Sara’s lessons continued.  Because her voice had very little natural ring, I asked her to focus on the ng exercise and gave her nje-ri-tu-mi-kya-nja-bel-la.  The combination of more core in her sound allowed her to benefit even more from the vocal protection as she developed it and her sound began to grow.  Working with her on the cuperto, identifying a “heady” approach and carrying that down into the middle voice helped her gain more confidence in her naturally weaker middle voice, but it remained more airy than the rest of her voice.  Hearing that this is the norm for women and would eventually be solved helped reassure her.

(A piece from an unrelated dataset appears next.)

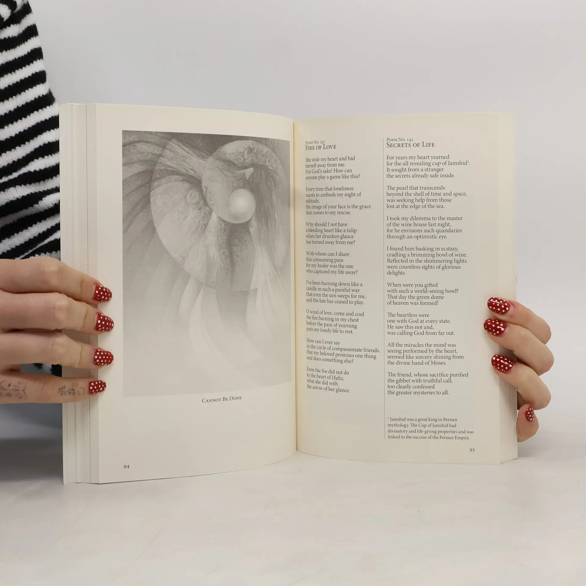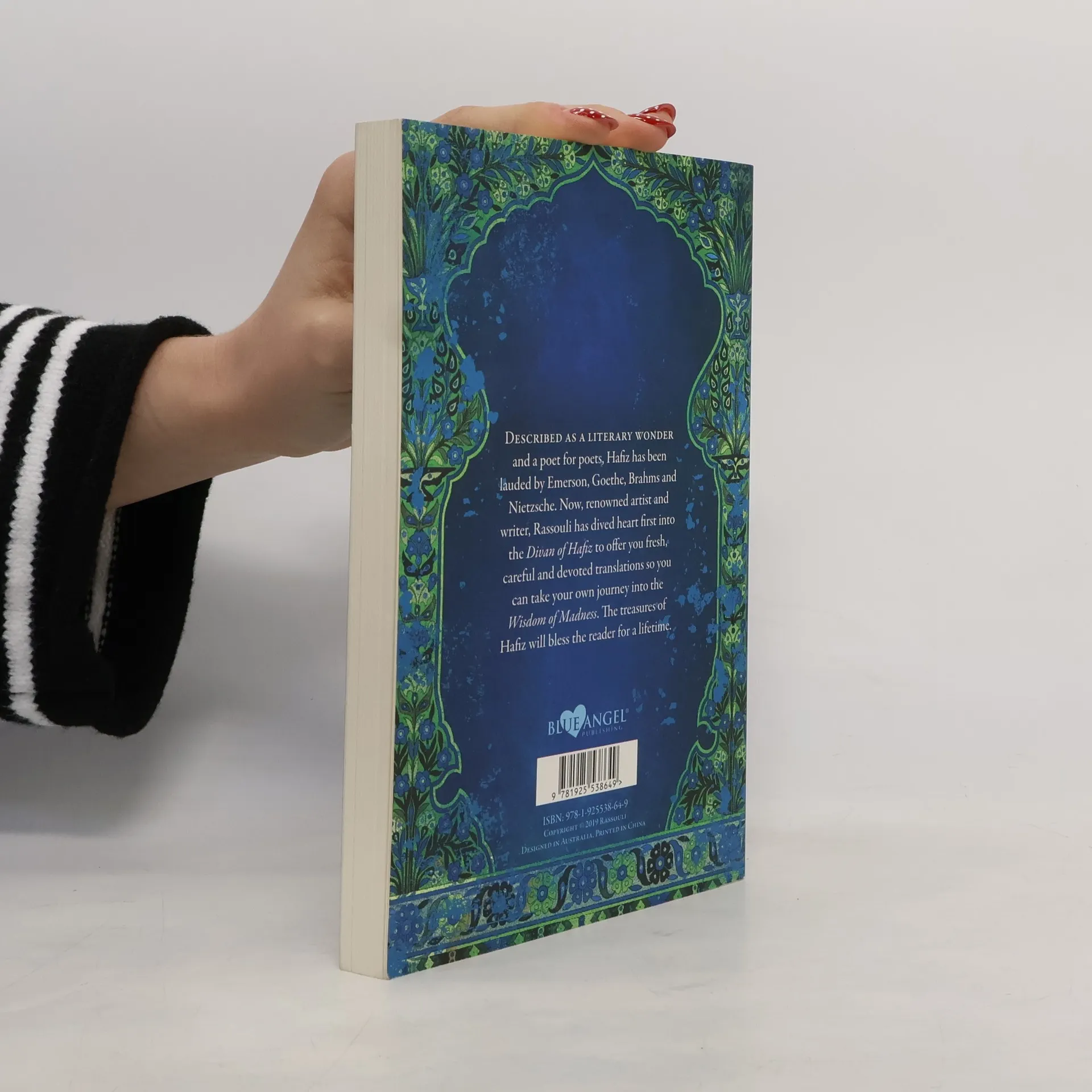 Described as a literary wonder and a poet for poets, Hafiz has been lauded by Emerson, Goethe, Brahms and Nietzsche. Now, renowned artist and writer, Rassouli has dived heart first intothe Divan of Hafiz to offer you fresh, careful and devoted translations so you can take your own journey into the Wisdom of Madness. The treasures of Hafiz will bless the reader for a lifetime.Includes illustrations by Rassouli Paperback, 204 pages, Printed on cream/ivory paper.

Then, I introduced the concept of the lower larynx, which she was able to do easily practicing it at home for one week.  Having a relaxed lower laryngeal position naturally gave her more depth and color in her voice and increased her volume.  I then explained the pre-vomit reflex and the combination of the lowered larynx and more open pharyngeal space made a big difference in her sound.  Sara said her voice also felt more secure, reliable and easier to produce with this approach.  To continue on with opening her resonance spaces, I gave her soon thereafter exercises to open the back and side walls of the throat behind the mouth.  This also increased her sound and helped her voice feel easier.

Sara was more willing at this point to try a mix in her middle voice and with the help of expanding her back, her vocal cords were learning the good new habit of maintaining better cord closure.  She said her high notes felt a lot more comfortable and that she felt she wanted to sing higher as a general rule.  Having a more functional technique overall was reorienting her high voice towards its innate tessitura.  I continued to have her work on ring and the vocal protection, which enabled her to start showing signs of a healthy vibrato for the first time.  Working on a lowered larynx helped her voice continue to grow in size and color.

An excellent and dedicated student, Sara valiantly worked on her vocal technique daily and in particular, worked on her back expansion and breath resistance until it was connected with her vocal production.  After nine months of study, her voice has truly been transformed!  It is now at least 20 times bigger than her wispy sound in her initial lesson, is easily produced and is taking advantage of her natural resonance.  She has both some ring and some warmth in her voice.  While she still tends to revert to taking chest voice a little too high in performance situations, she says that her middle voice in a mix is starting to feel just a secure (with back expansion, of course) as her chest voice.  Victory!

Sara is extremely grateful to me for her tremendous amount of improvement in the last nine months.  I tell her that she took the tools and guidance that I gave her and ended up teaching herself whenever she practiced.  That is the way it is supposed to be.  Because she was intelligent, listened to my explanations, was aware, observed her own process and asked pertinent questions, she had the tools she needed to work on her own voice and improve.  The right tools and the right attitude are both equally necessary for success.  Sara will continue to study and her voice will continue to improve by leaps and bounds.